Quand le repas fut terminé, le prudhomme retint son hôte à veiller pendant que les valets apprêtaient les lits et les fruits. On leur offrit dates, figues et noix-muscades, grenades, girofles, éluctaire pour terminer, et encore pâte au gingembre d’Alexandrie et gelée d’aromates.
Ils burent ensuite de plusieurs breuvages : vin au piment sans miel ni poivre, bon vin de mûre et clair sirop.
Le Gallois s’émerveille de tant de bonnes choses qu’il n’avait jamais goûtées. »
p. 196 : « Les écuyers servirent aussi joyeusement ce repas. [...] deux furent à genoux devant leur sire, l’un taillait les aliments, et l’autre qui servait à boire. Le repas ne fut pas court ; il dura plus que l’un des jours d’alentour de la Trinité. La nuit était dehors laide et obscure, mais beaucoup de torches furent brûlées avant la fin de ce repas. En mangeant on parla beaucoup et l’on dansa force rondes et caroles. »
Ces palais magnifiques ne sont pas fondamentalement différents des châteaux ordinaires, ceux d’Arthur ou celui de Gornemant. Tout y est simplement plus grand, plus précieux, plus beau, plus abondant, conformément aux mythologies celtiques.
Ce sont également des lieux marqués par la merveille.
– Ainsi, la lumière dans laquelle baigne la grande salle du château du Roi Pêcheur ne peut s’expliquer de façon naturelle, surtout lorsque survient le Graal. Sa blancheur éclatante est un signe celtique du merveilleux :
p. 92 : « Telle clarté font les flambeaux qu’on ne pourrait trouver au monde un hôtel plus illuminé ! [...] Deux valets s’en viennent alors, tenant en main des chandeliers d’or fin œuvré en nielle. Très beaux hommes étaient ces valets qui portaient les chandeliers. En chaque chandelier brûlaient dix chandelles à tout le moins. Une demoiselle très belle, et élancée et bien parée qui avec les valets venaient, tenait un graal entre ses mains. Quand en salle elle fut entrée avec le Graal qu’elle tenait, une si grande lumière en vint que les chandelles en perdirent leur clarté comme les étoiles quand se lève le soleil ou la lune. »
– De mystérieuses défenses protègent le château des Reines :
p. 181 : « Sire, il est très bien gardé. Cinq cents arcs ou arbalètes sont toujours prêts à tirer. Si quelqu’un tentait l’escalade, ces armes ne cesseraient pas de tirer et elles n’en seraient jamais lasses, car elles sont installées dans ce but. [...] Un clerc savant d’astronomie que la reine y amena, a installé dans ce palais de si merveilleuses machines que jamais vous n’en vîtes de pareilles. »
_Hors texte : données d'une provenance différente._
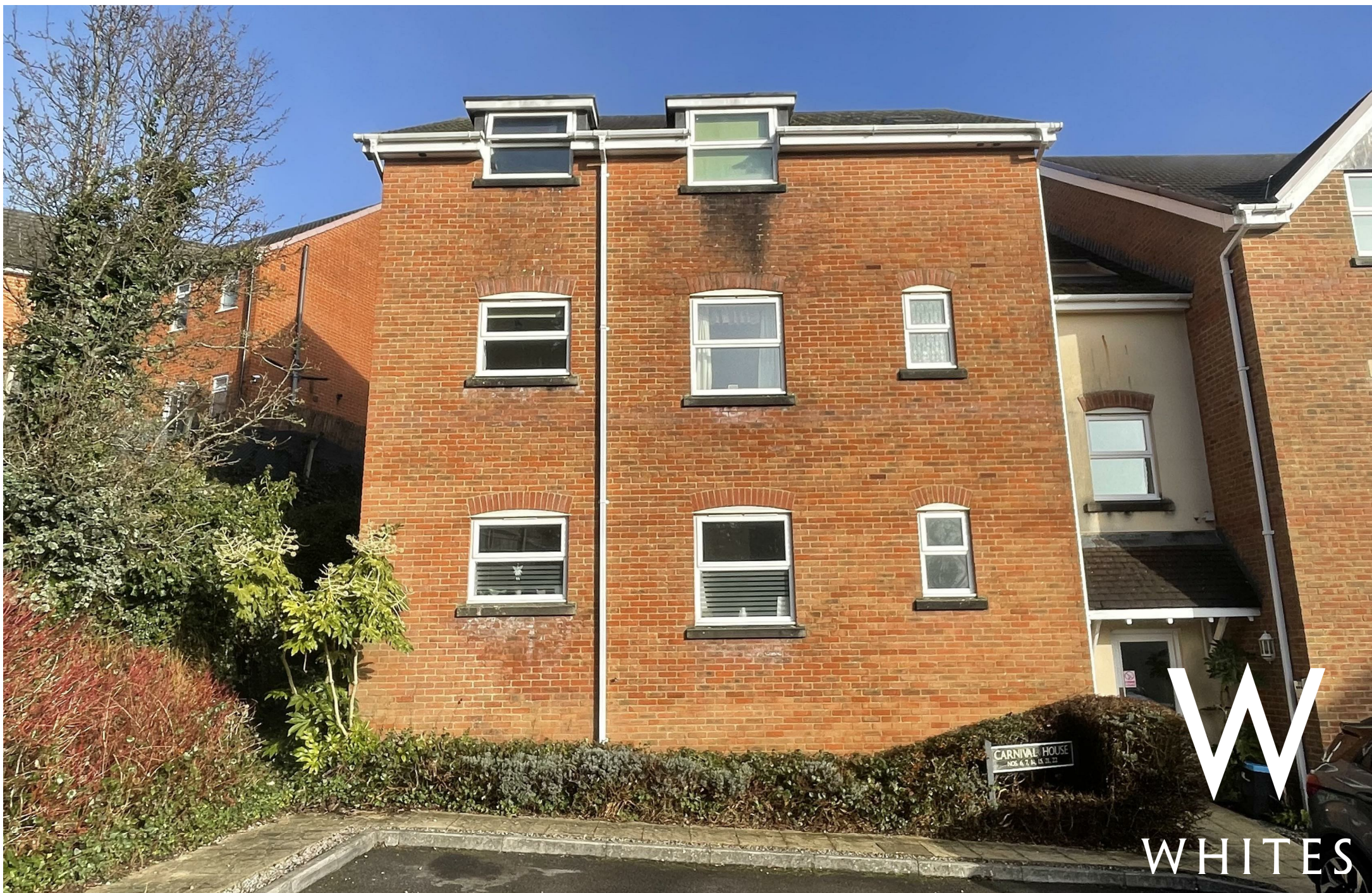
15 Carnival House, Jubilee Close, Salisbury, Wiltshire, SP2 9ER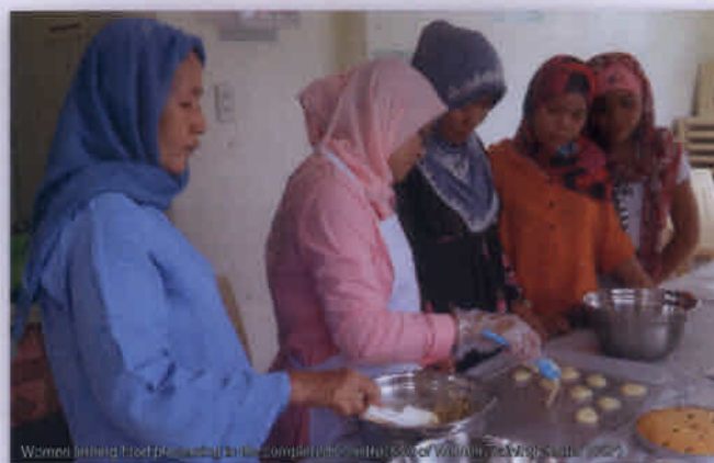
Women in Mindanao preparing food for the completion of the project for Women's Welfare Center

p. 187 : « Dès qu’il se fut assis, les cordes firent un grand bruit : toutes les clochettes sonnèrent, à travers le palais tonnèrent ! Aussitôt, les fenêtres s’ouvrent et les merveilles se découvrent ! Et les enchantements paraissent ! Par les fenêtres s’éjectèrent carreaux d’arbalètes et flèches, dont plus de sept cents virent frapper messire Gauvain sur son bouclier. Il ne savait qui le frappait. Car l’enchantement était tel que personne ne pouvait voir de quel endroit venait le tir ni où se cachaient les archers. »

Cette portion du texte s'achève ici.